Objective: To isolate and culture tumor stem cells from glioma tissues obtained at surgical operation and to study their biological characteristics.
Methods: Glioma tissues obtained from surgically resected specimens of 8 patients were fully chopped, trypsinized, and filtered to prepare single cell suspensions. The cells were cultured in serum-free medium with EGF, LIF and bFGF. CD133(+) cells were purified by magnetic cell sorting, and cultured continuously in vitro to obtain tumor cell spheres. Tumor stem cells of the 5th passage were induced to differentiate with 10% FBS, and expression of cell differentiation markers such as Nestin, MAP2, GFAP was evaluated with immunocytochemistry techniques.
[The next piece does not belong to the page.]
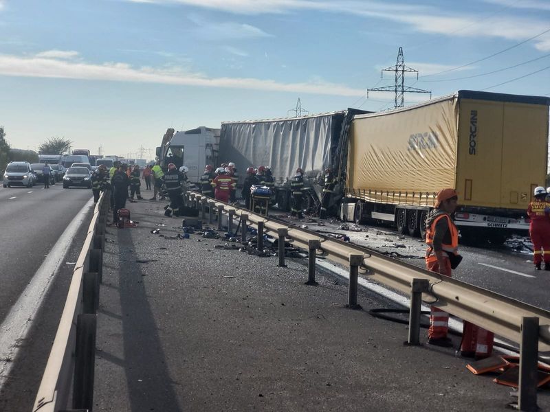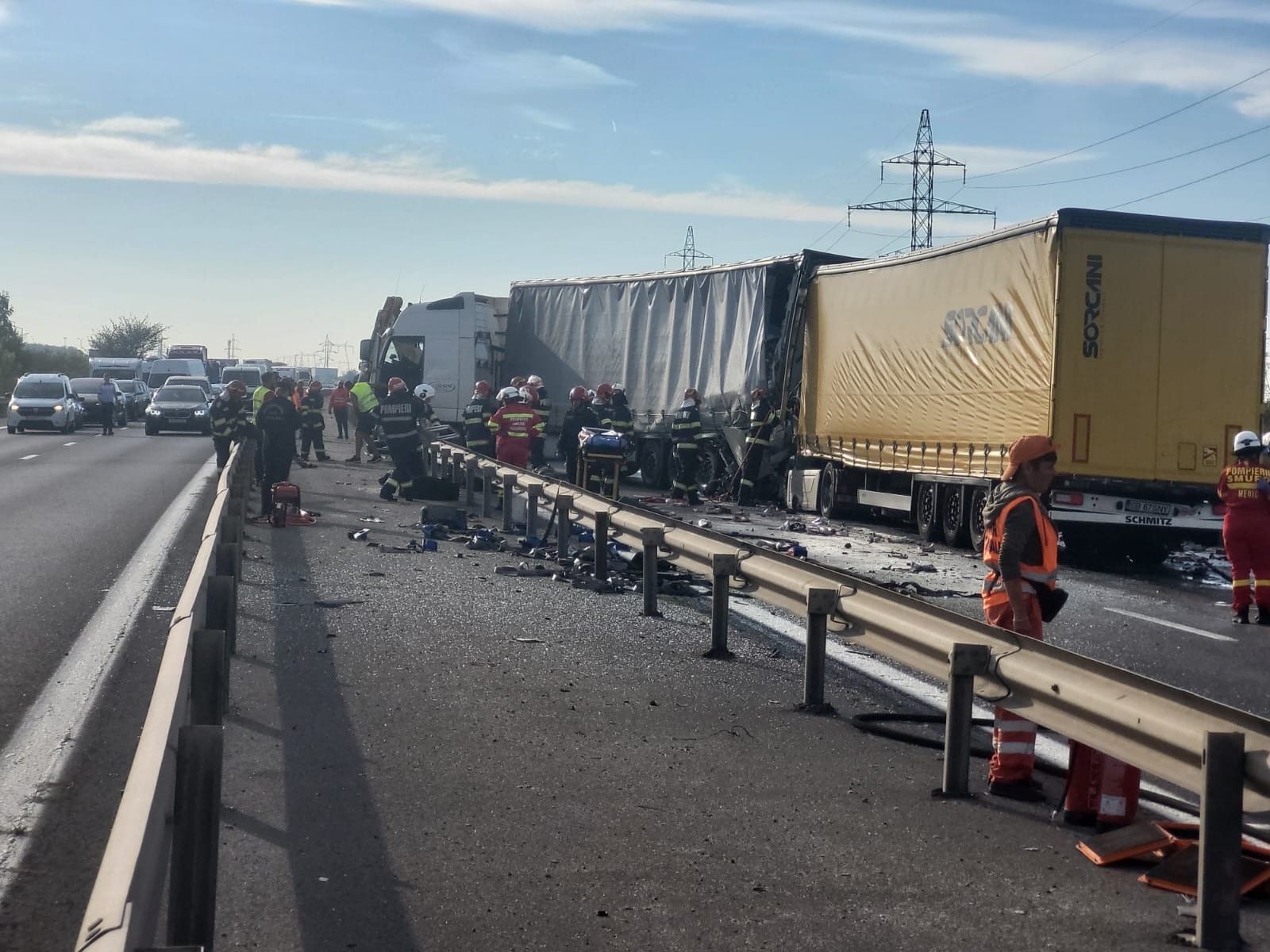 Din primele informații, în urma accidentului, două persoane ar fi decedat. Unul dintre conducătorii de TIR nu ar fi păstrat distanța, ar fi intrat în coliziune cu autoturismul, care ar fi ricoșat pe banda de urgență și a fost împins de un alt șofer.
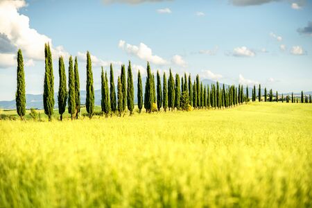 A row of cypress in Siena, Tuscany with a field of green wheat in foreground

Results: CD133(+) cells were successfully separated and cultured from one anasplastic mixed astrocyte-ependymocyte type glioma specimen. These cells maintained a sphere-like growth status in vitro (3 months, 14 passages), and can self-renew, proliferate and conditionally differentiate into MAP2(+) and GFAP(+) cells. However, CD133(-) cells did not possess these properties.
Conclusion: Glioma tissue contains tumor stem cells. Those cells can be cultured and passaged in vitro for a long term, and therefore to offer new approaches for studying cellular and molecular biology of glioma.